The letter highlights some FCA concerns, including:
- misleading, unclear and unfair advertising where consumers, particularly those who are vulnerable, can be misled by firms’ poor-quality promotions;
- firms using their FCA authorisation to legitimise their non-regulated services;
- inappropriate sourcing of customers where firms do not always conduct or document appropriate checks when purchasing customer data or leads, or do not ensure this has been sourced lawfully from a firm with the correct FCA permissions where these are required;
- firms failing to investigate the existence and merits of each element of a potential claim; and
- poor attitudes to regulatory obligations where firms do not take a proactive approach to regulatory compliance and do not deal with the FCA in an open and cooperative way.

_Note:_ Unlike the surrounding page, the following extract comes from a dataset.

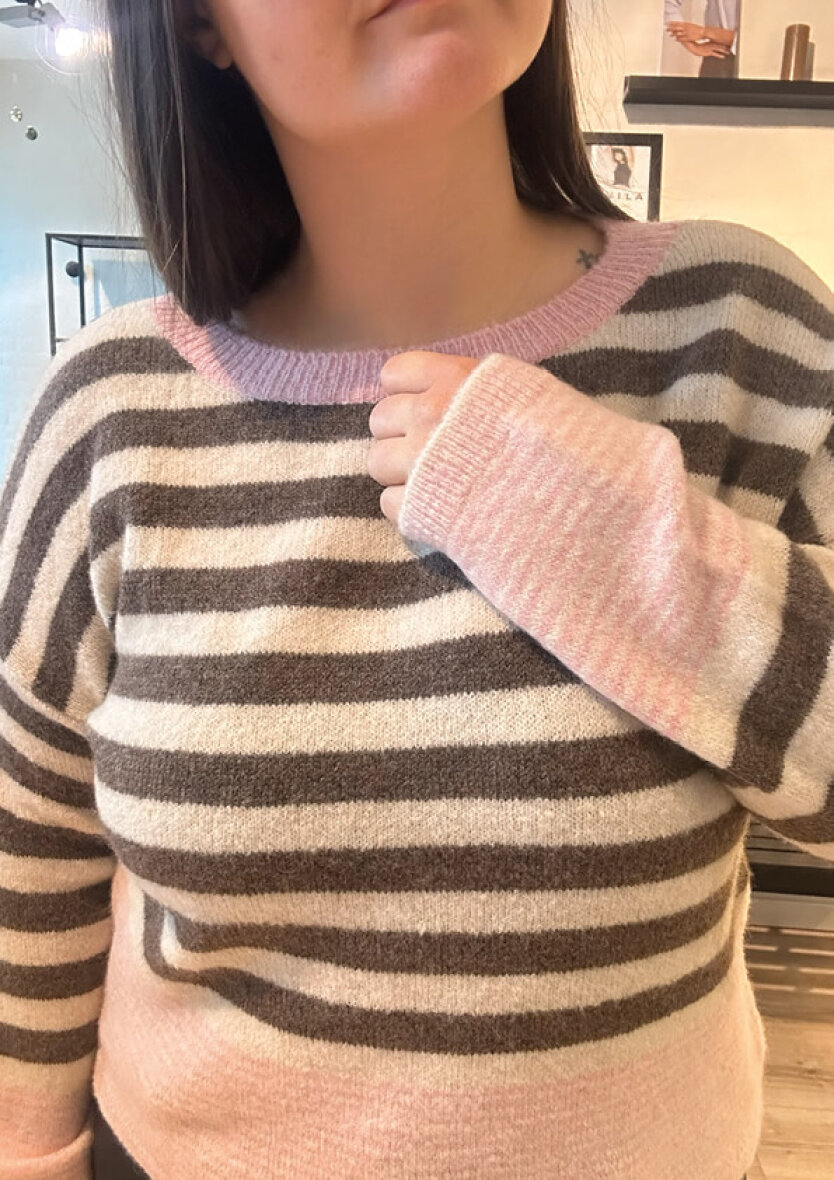 Marta Du Chateau striktrøje i en flot farvekombination af cremefarvet base med brune og lyserød stribet design.

Areas for FCA focus include striving to minimise the potential for unregulated business and activity to benefit from the ‘halo’ effect of FCA authorisation. This ties in with the FCA’s increasing focus on unregulated activities generally, such as at ARs.
The CMC portfolio letter touches on the overlap between regulated and unregulated activities and the FCA’s view on this subject. The inquiry following the London Capital & Finance scandal recommended that the FCA takes a more “holistic” approach to supervising a firm and looks at a firm’s regulated and unregulated activities.

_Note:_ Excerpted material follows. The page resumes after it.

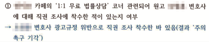 변협은 “네이버 카페 메인 메뉴에 피신청인을 명시하고 법률 상담 서비스를 제공한 행위가 변호사 광고 규정을 위반했을 가능성이 있다”며 직권조사를 시작했다. 또 조사 과정에서 해당 카페의 운영 방식 자체에도 문제의 소지가 있다고 판단했다.

In its letter to CMCs, the FCA has said that it expects them to be clear with consumers about which of their products and services are or are not regulated, and to ensure that consumers are not harmed by any non-regulated services they provide. The way in which regulated firms carry on unregulated activities can affect the FCA’s overall view of the fitness and propriety of individuals and firms.

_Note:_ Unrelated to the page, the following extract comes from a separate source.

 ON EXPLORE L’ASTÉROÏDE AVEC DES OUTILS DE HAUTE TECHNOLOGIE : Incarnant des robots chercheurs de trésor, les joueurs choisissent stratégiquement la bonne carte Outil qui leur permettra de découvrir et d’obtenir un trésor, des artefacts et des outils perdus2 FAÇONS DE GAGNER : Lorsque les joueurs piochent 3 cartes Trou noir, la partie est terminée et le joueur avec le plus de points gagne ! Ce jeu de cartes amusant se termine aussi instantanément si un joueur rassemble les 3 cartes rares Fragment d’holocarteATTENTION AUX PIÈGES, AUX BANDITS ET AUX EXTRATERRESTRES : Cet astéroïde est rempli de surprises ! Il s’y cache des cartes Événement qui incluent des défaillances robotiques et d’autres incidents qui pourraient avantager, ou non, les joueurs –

The FCA has indicated that it will consider whether firms’ processes and systems and controls differentiate between regulated and unregulated business and ensure customers are not misled into believing all services are FCA regulated. The FCA reminds firms that the Consumer Duty requires firms to act in good faith, and to provide consumers with the right information to make properly informed decisions.
There is a possibly a link between these views and the FCA’s current activity in relation to ARs. ICS has observed the FCA ask Principals about unregulated activities carried on by their ARs, and there are also questions about this issue in the FCA’s current Principal firms’ AR data request.
Two recent examples of this focus are:
- the FCA seeing what could be argued as a customer paying for the flexibility of a cancellation facility (which is available on many booking sites) as unauthorised travel insurance; and
- the FCA’s interest in a complaint made to them about the sale of an unwanted paint protection product (so not any form of regulated insurance or guarantee of warranty – an actual paint treatment product) that was allegedly sold with a car.
FCA interest in such cases may be viewed by some as harsh, with the FCA perhaps justifying the interest in unregulated activities by arguing that culture goes across the whole of a firm, i.e., it would be difficult to have a ‘good’ culture in the regulated side of a business where there is what appears to be a ‘bad’ culture in the unregulated side.
For Principal firms with ARs, it will clearly be beneficial to have effective and transparent communications with their ARs about any unregulated activities they may undertake, as well as about the regulated activities for which the Principal has taken regulatory responsibility.